— Data to use —

*** Begin section ***

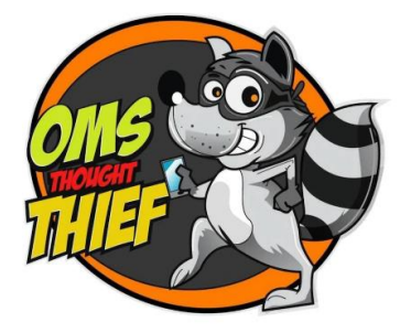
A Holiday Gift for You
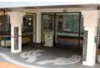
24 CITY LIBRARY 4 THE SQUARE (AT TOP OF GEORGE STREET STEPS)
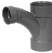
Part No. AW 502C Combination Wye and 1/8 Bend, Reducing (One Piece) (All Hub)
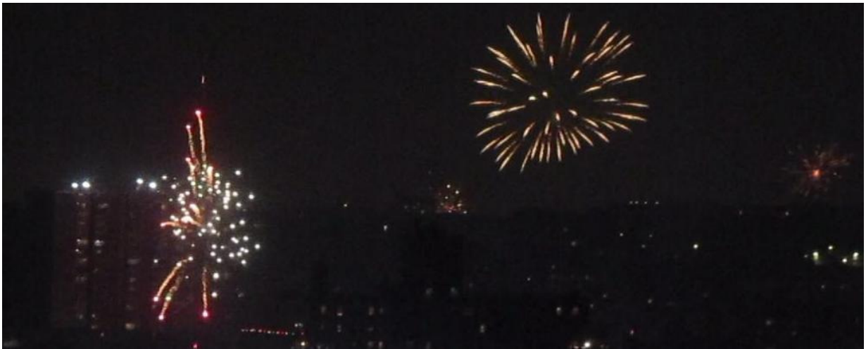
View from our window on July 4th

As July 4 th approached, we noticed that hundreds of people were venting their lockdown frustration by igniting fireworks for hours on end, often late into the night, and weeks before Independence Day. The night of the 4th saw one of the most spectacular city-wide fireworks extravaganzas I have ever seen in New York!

*** End section ***
*** Begin section ***

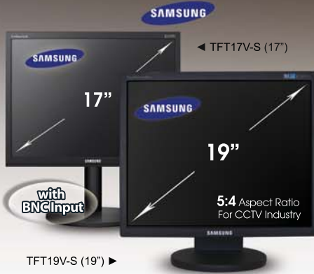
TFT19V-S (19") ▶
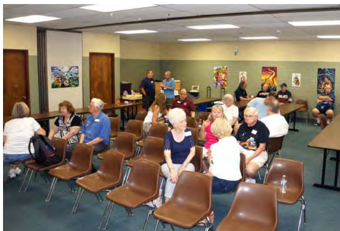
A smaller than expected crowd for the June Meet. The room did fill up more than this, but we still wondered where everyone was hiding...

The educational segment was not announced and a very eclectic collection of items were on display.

*** End section ***

— What needs to be done —
From the listing above, restate verbatim the lines running from the one with "24 CITY LIBRARY" through the one with "As July 4 th", inclusive, but not the pictures.

— Exercise solution —
24 CITY LIBRARY 4 THE SQUARE (AT TOP OF GEORGE STREET STEPS)
Part No. AW 502C Combination Wye and 1/8 Bend, Reducing (One Piece) (All Hub)
View from our window on July 4th

As July 4 th approached, we noticed that hundreds of people were venting their lockdown frustration by igniting fireworks for hours on end, often late into the night, and weeks before Independence Day. The night of the 4th saw one of the most spectacular city-wide fireworks extravaganzas I have ever seen in New York!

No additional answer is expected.